Computational microscopic imaging for malaria parasite detection: a systematic review.
D K Das1, R Mukherjee2, C Chakraborty1
1School of Medical Science & Technology, IIT Kharagpur, India.
Journal of Microscopy
|June 6, 2015
Summary
Accurate malaria diagnosis is crucial for treatment. This review explores computational methods for analyzing microscopic images to detect malaria parasites, improving accuracy and speed over manual methods.
Area of Science:
- Digital pathology
- Medical imaging
- Computational microscopy
Background:
- Malaria diagnosis relies on microscopic examination of blood smears, which is time-consuming and prone to errors.
- Automated detection of malaria parasites is needed to improve diagnostic speed and accuracy.
- Computational microscopic imaging offers a promising approach to address these challenges.
Purpose of the Study:
- To review advancements in computational methods for malaria parasite detection.
- To cover techniques for image enhancement, segmentation, feature extraction, and computer-aided classification.
- To highlight the potential of digital pathology in malaria diagnosis.
Main Methods:
- Review of literature on image processing techniques for malaria detection.
- Analysis of methods for erythrocyte segmentation and parasite identification.
- Exploration of computer-aided classification algorithms.
Main Results:
- Computational methods show potential for accurate and rapid malaria diagnosis.

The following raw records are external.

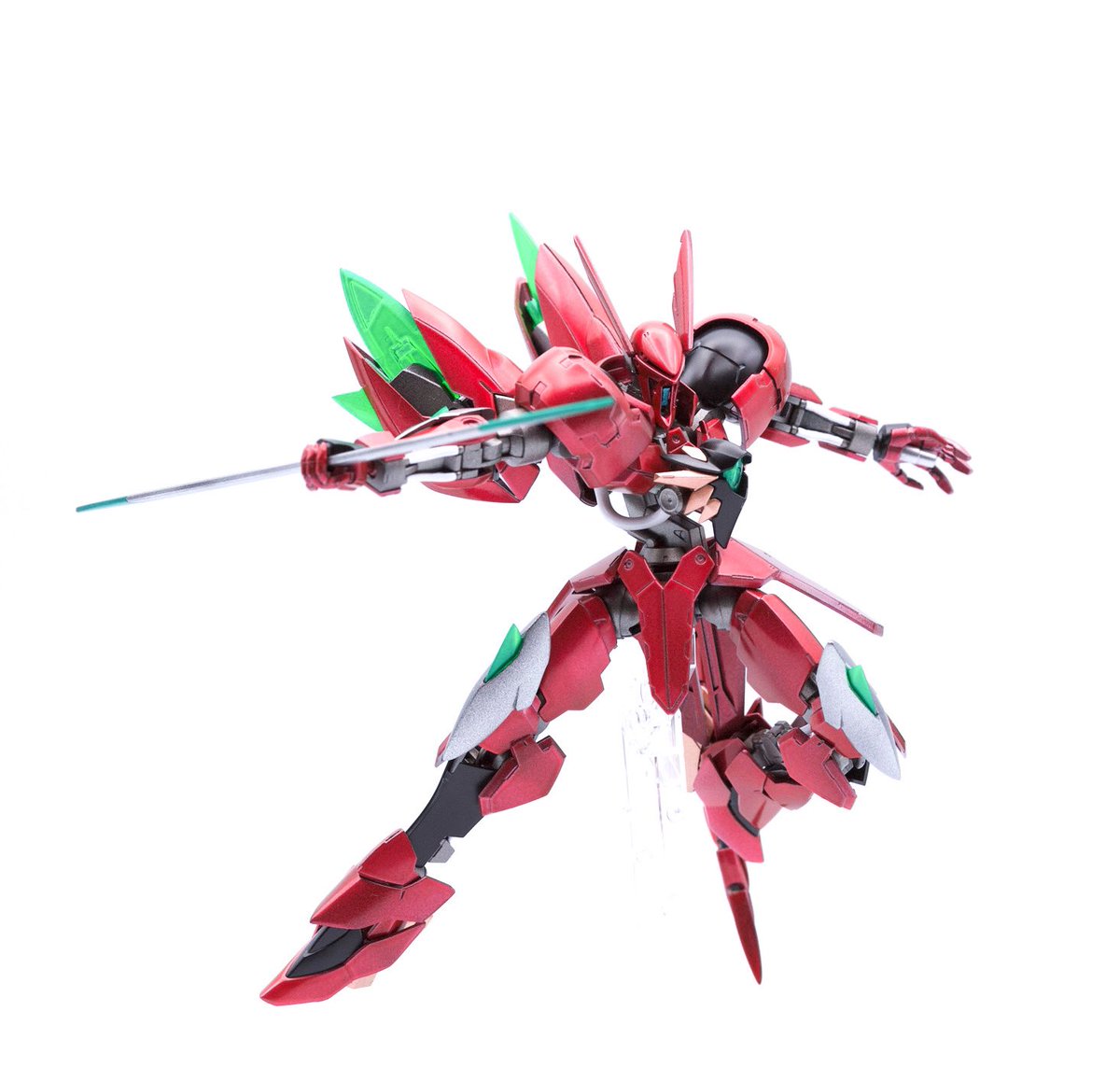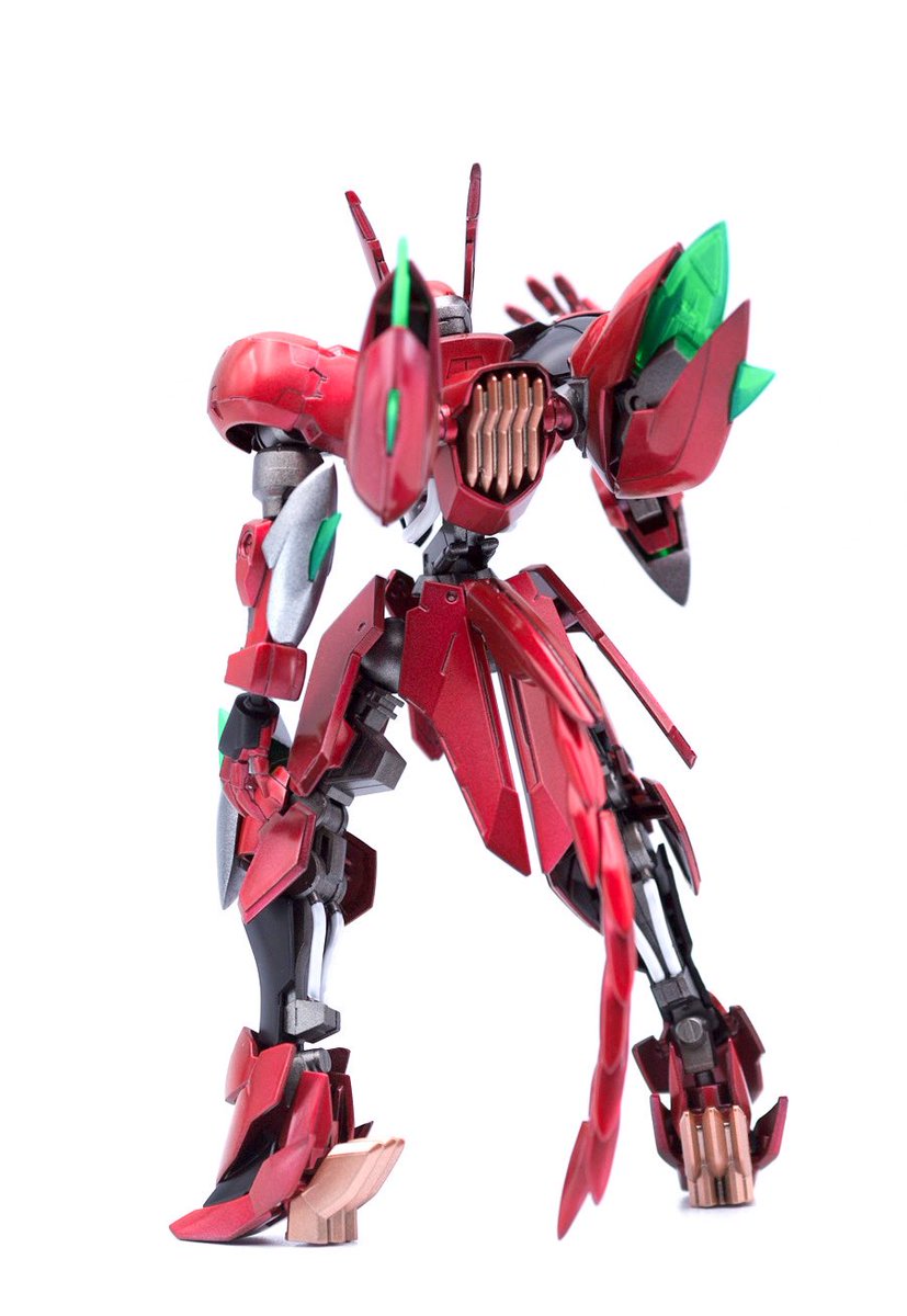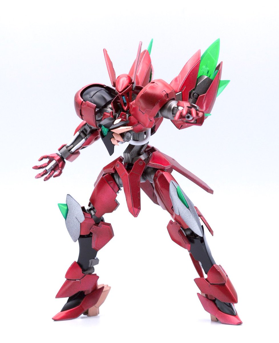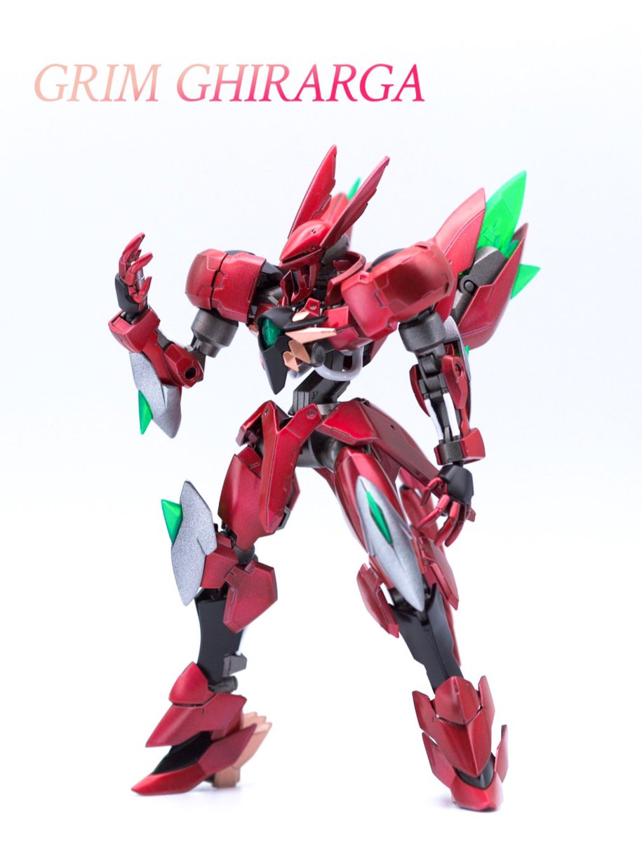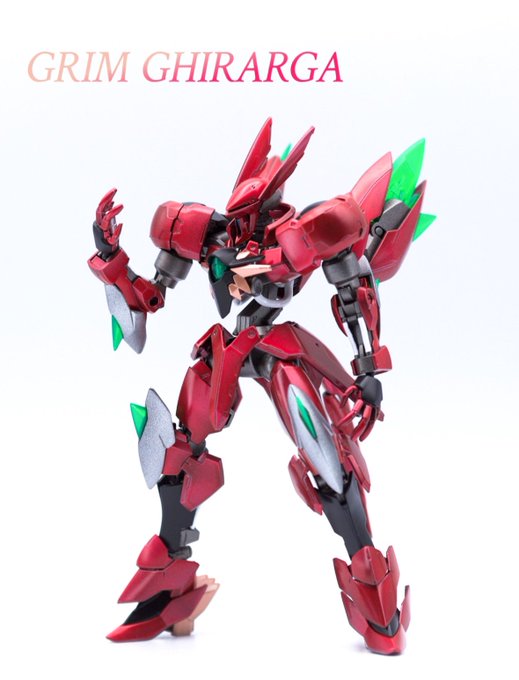 新作:グリム・ギラーガ〜転生したらヴェイガンだった〜完成でございます。 完全に悪ふざけで合わせてみたら想像以上にシンデレラフィット。 メインの赤は、研ぎ出しとかサボったなんちゃってキャンディ塗装だけど割と好きです。 #ガンプラの画像貼るとRTされると聞いて #ガンプラは自由だ
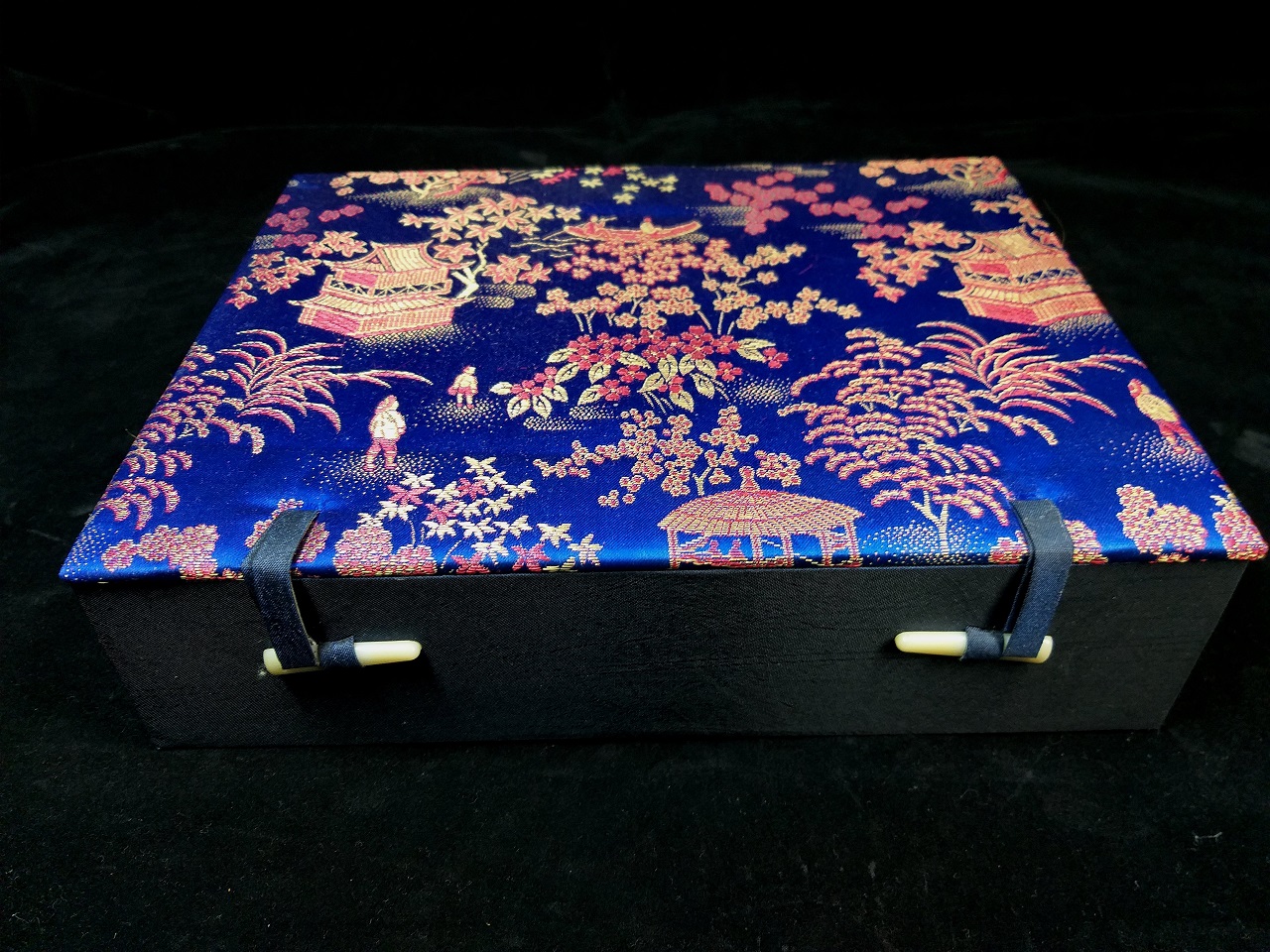 この一品は、最高級超大硯専用手工芸絹麻張り木製収蔵ケース(箱)付きます。このケースは、この高彫端硯専用に注文オーダーした品です。
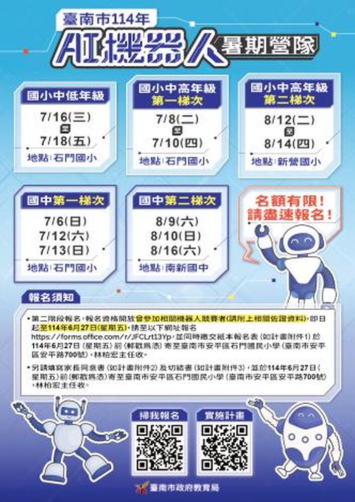 為培養具備科技素養與跨域能力的未來人才,由台南市政府主辦「AI機器人暑期營隊」即日起開放第二階段報名。本次開放的第二階段報名對象為曾參加相關機器人競賽之學生(需附佐證資料),報名時間自即日起至114年7月2日(星期三)止。
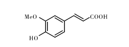 阿魏酸是一種酚類化合物,為肉桂酸的衍生物,因首次從植物阿魏中分離出而得名,其廣泛分布于植物界,尤其是傘型科,毛茛科和禾本科,如當歸、川芎、升麻、天竺葵和蘆根中。阿魏酸游離態很少見,通常與木質素和多糖交聯形成部分植物的細胞壁,結構為4-羥基-3-甲氧基肉桂酸,如下圖所示。
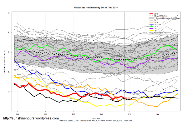 Sea Ice Extent (Global Antarctic and Arctic) – Day 248 – 2018
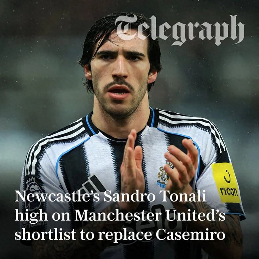 Theo báo Anh The Telegraph, Man Utd đã đưa Sandro Tonali của Newcastle vào danh sách ứng viên cho vị trí tiền vệ trung tâm trong kỳ chuyển nhượng mùa hè. Cầu thủ người Ý 25 tuổi được xem là lựa chọn lý tưởng để thay thế Casemiro, nhưng mức phí chuyển nhượng có thể lên tới 100 triệu bảng, và người đại diện của anh đang thúc đẩy thương vụ này.
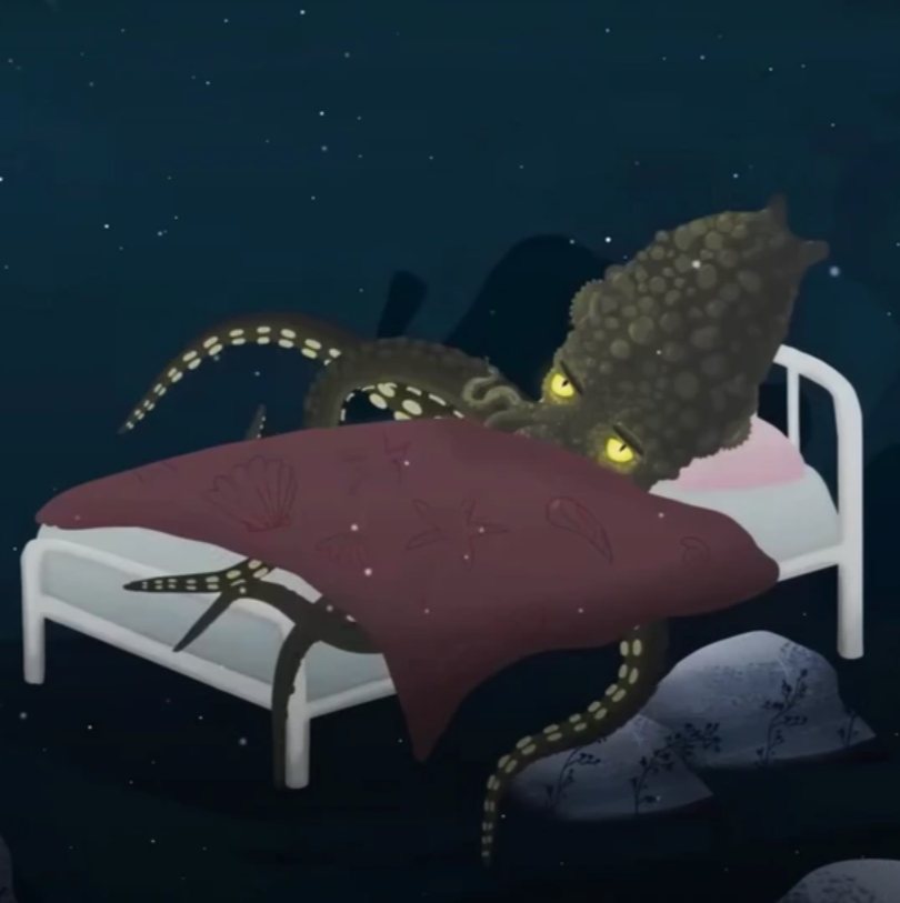 Люди на борту заметили вас и запустили сигнальную ракету. Вас ослепил яркий красный свет. Вы расправили щупальца и ненароком толкнули корабль. Он тяжелый, поэтому не перевернулся. Похоже, технологии сильно развились, пока вы спали. Гроза усиливается. Судно качает из стороны в сторону. Вы пытаетесь удержать его с помощью щупальцев, но это пугает людей на борту. Они кричат — их реакция вам понятна. Гигантское чудовище вышло из черных глубин и схватило их корабль. Неприятно видеть, что они вас боятся, поэтому вы решаете уплыть. Оскорбленный, вы прячетесь на дне океана.
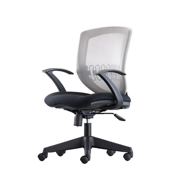 Estructura y soporte lumbar flexible de polipropileno, tapizado en malla gris. Asiento tapizado en tela negra con espuma de poliuretano inyectado de 480 mm de espesor. Base de nylon de 26″ y rodajas de nylon 50 mm.
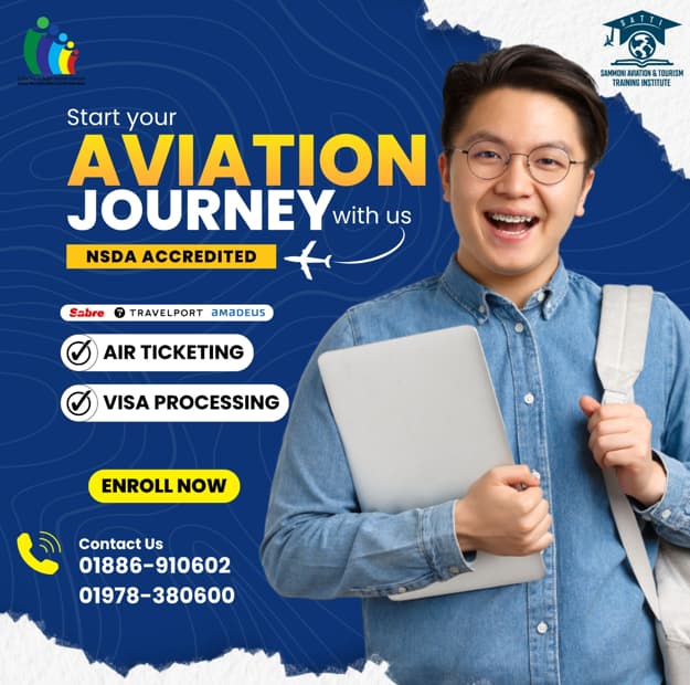 Sammoni Aviation and Tourism Training Institute is accredited by the National Skills Development Authority (NSDA), ensuring that its course structure aligns with national skill development standards. Through its focused training approach, the institute contributes to building entry-level workforce capacity for Bangladesh’s aviation and travel services industry.
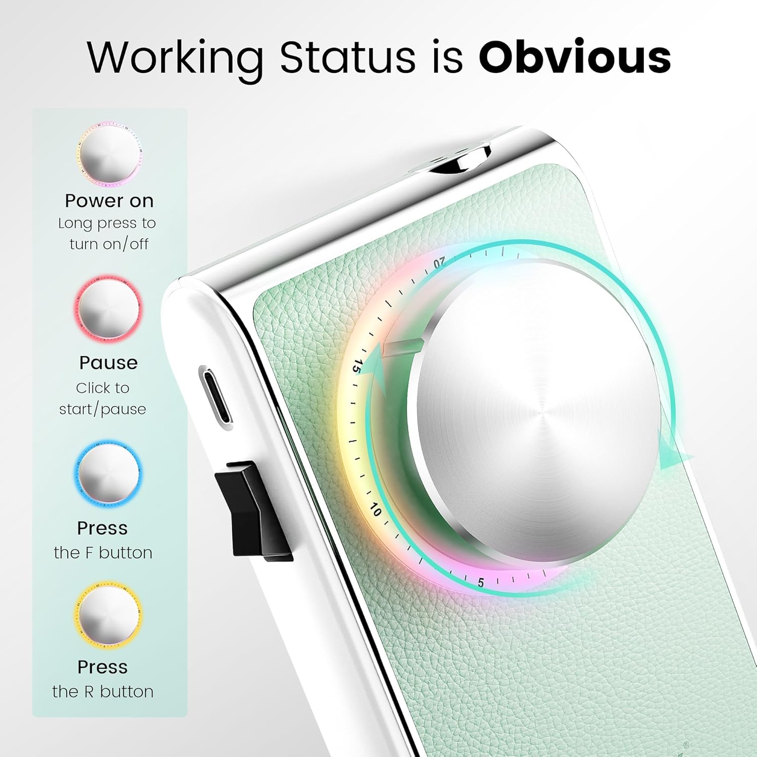 - 【Rainbow Light Turntable Design】Aviation cluminum knob, flexible control, the light color changes according to the working status(four colors). The ergonomic handle is crafted with a special textured finish, providing a non-slip grip and comfortable handling during use.

- Image enhancement and segmentation techniques improve parasite visualization.
- Automated classification systems can reduce diagnostic errors.
Conclusions:
- Computational microscopy and digital pathology offer significant advantages over traditional methods for malaria diagnosis.
- Further development in automated systems can enhance global malaria control efforts.
- This review provides a comprehensive overview of current techniques and future directions.